En troisième lieu, la commission estime que les modalités et la fréquence du service rendu ne constituent pas des informations propres à chaque redevable mais sont les caractéristiques du service proposé par la collectivité et qu'à ce titre, elles sont communicables à toute personne qui en fait la demande en application des dispositions du livre III du code des relations entre le public et l'administration ou, lorsqu'elles sont définies par une délibération d'une collectivité territoriales, du code général des collectivités territoriales.
Il résulte de ce qui précède que le volume des déchets générés par une personne physique ou morale est en principe communicable à toute personne qui en fait la demande quel que soit le mode de financement du service, sauf le cas particulier d'un habitat individuel dispersé et l'hypothèse résiduelle où le volume de déchets est directement en lien avec l'activité même de la personne morale considérée. Elle précise que ce volume constituant une information environnementale au sens de l'article L124-2 du code de l'environnement, il appartient en tout état de cause à l'administration d'apprécier l'intérêt d'une communication en mettant en balance les intérêts protégés et l’intérêt public servi par la divulgation d’une information environnementale avant de communiquer une information ou d'y opposer un refus. En revanche, les montants acquittés au titre de l'enlèvement des déchets ne sont pas communicables aux tiers.

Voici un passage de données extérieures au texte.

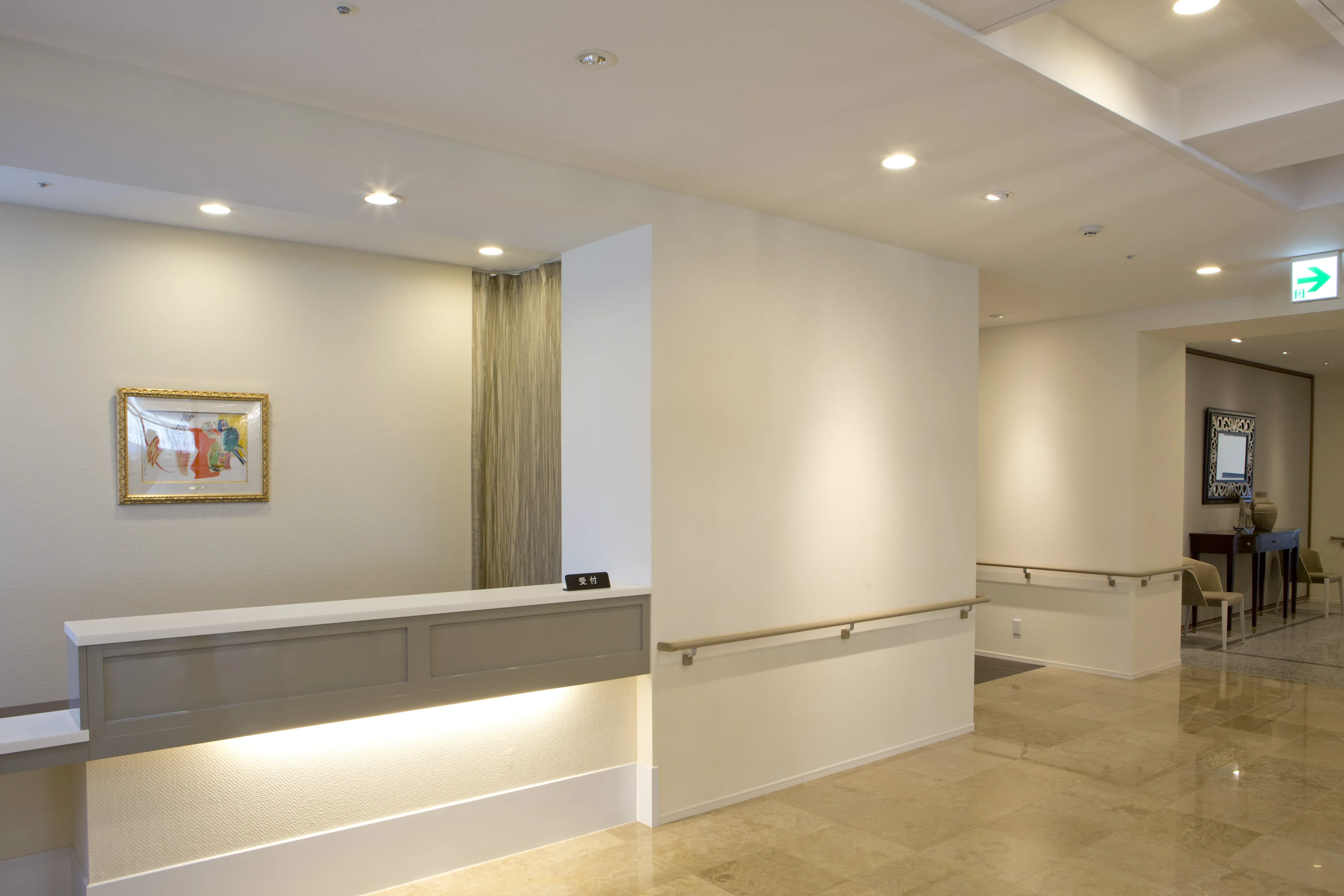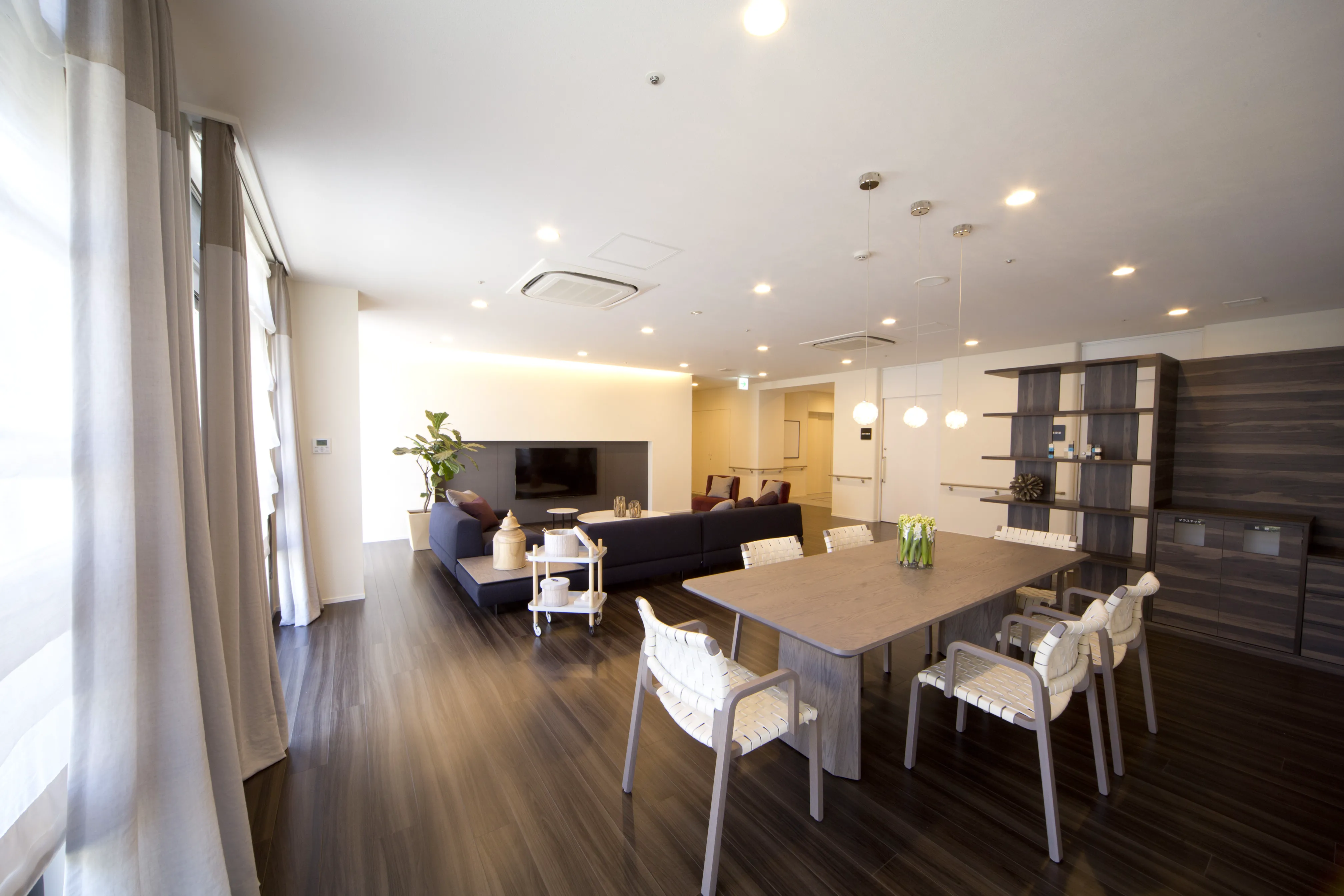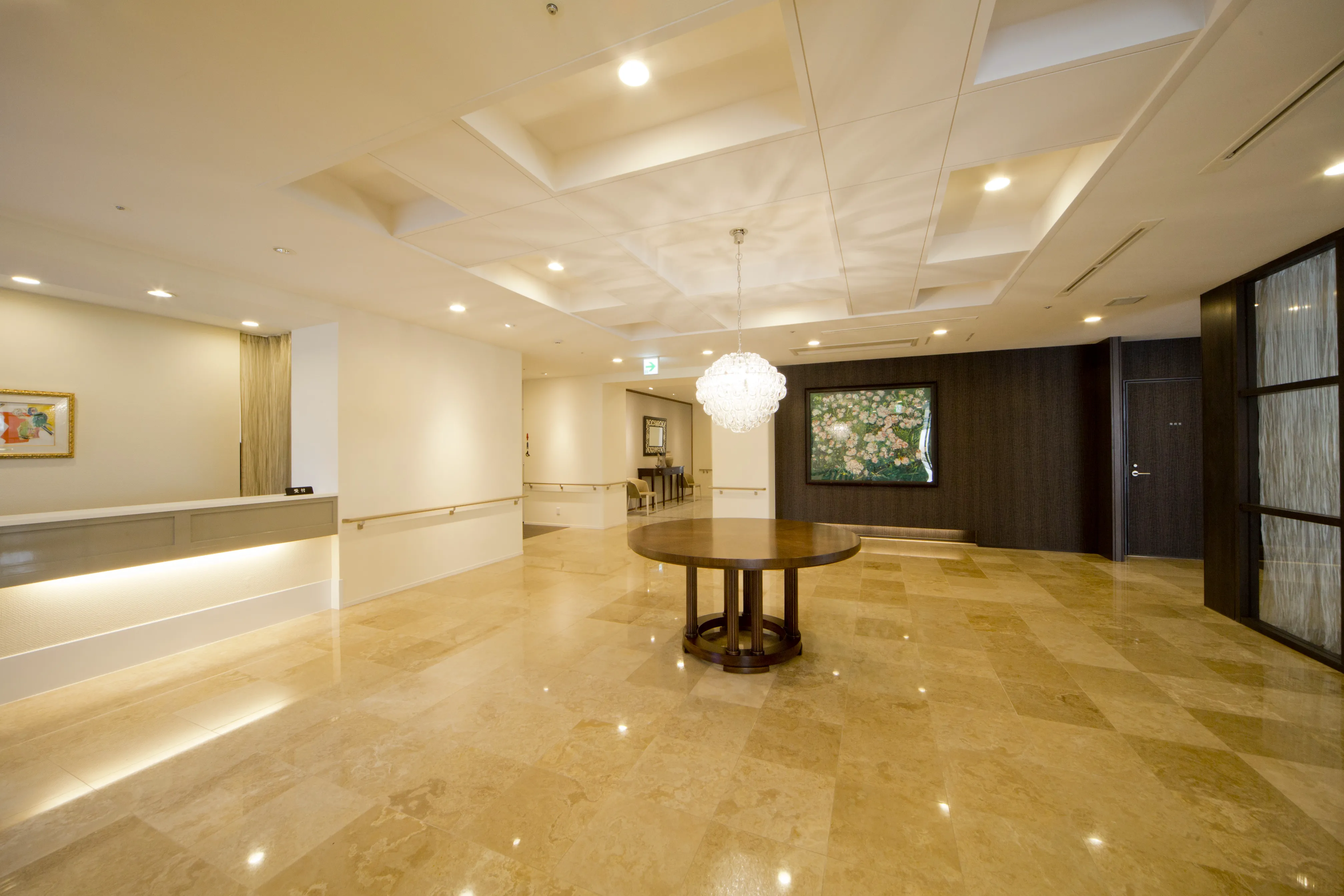 優雅で落ち着きのあるインテリアで統一されたコモンスペース。福祉の先進国スウェーデンに学んだ「情緒的価値(ここち良さ)」を取り入れてここちよい空間づくりを追求しました。アートやグリーンを設置することも空間を構成する大切な要素です。情緒的な価値を高めることこそ、「快適に住まうコト」につながると考えます。
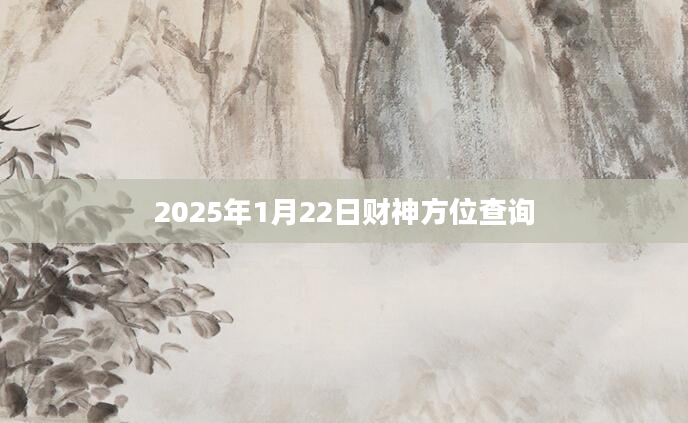 2025年1月22日财神方位查询财神方位在每个人心里都是有一定的影响的,因为它对我们的财运是有很大影响的。所以我们在求财的时候就一定要找准自己的财神方位在哪,只有摆放在一个正确的位置才能够让我...2025-01-09

En l'espèce, la commission estime que la liste sollicitée, dont elle a pris connaissance et qui porte sur le rôle des seules personnes morales assujetties à la redevance spéciale, est communicable, dans sa dernière version, à Madame X, après occultation préalable de la dernière colonne portant sur le montant de ladite redevance. Il appartient, par ailleurs, à l’administration d'apprécier au cas par cas si le volume de déchets reflète directement l'activité de la personne morale considérée et donc relève en ce cas du secret des affaires, en considérant néanmoins l'intérêt d'une communication eu égard à l'intérêt public qui s'y attache.
La commission émet donc sous ces réserves un avis favorable. Elle précise par ailleurs que le caractère par nature évolutif de cette liste ne saurait être un obstacle à sa communication.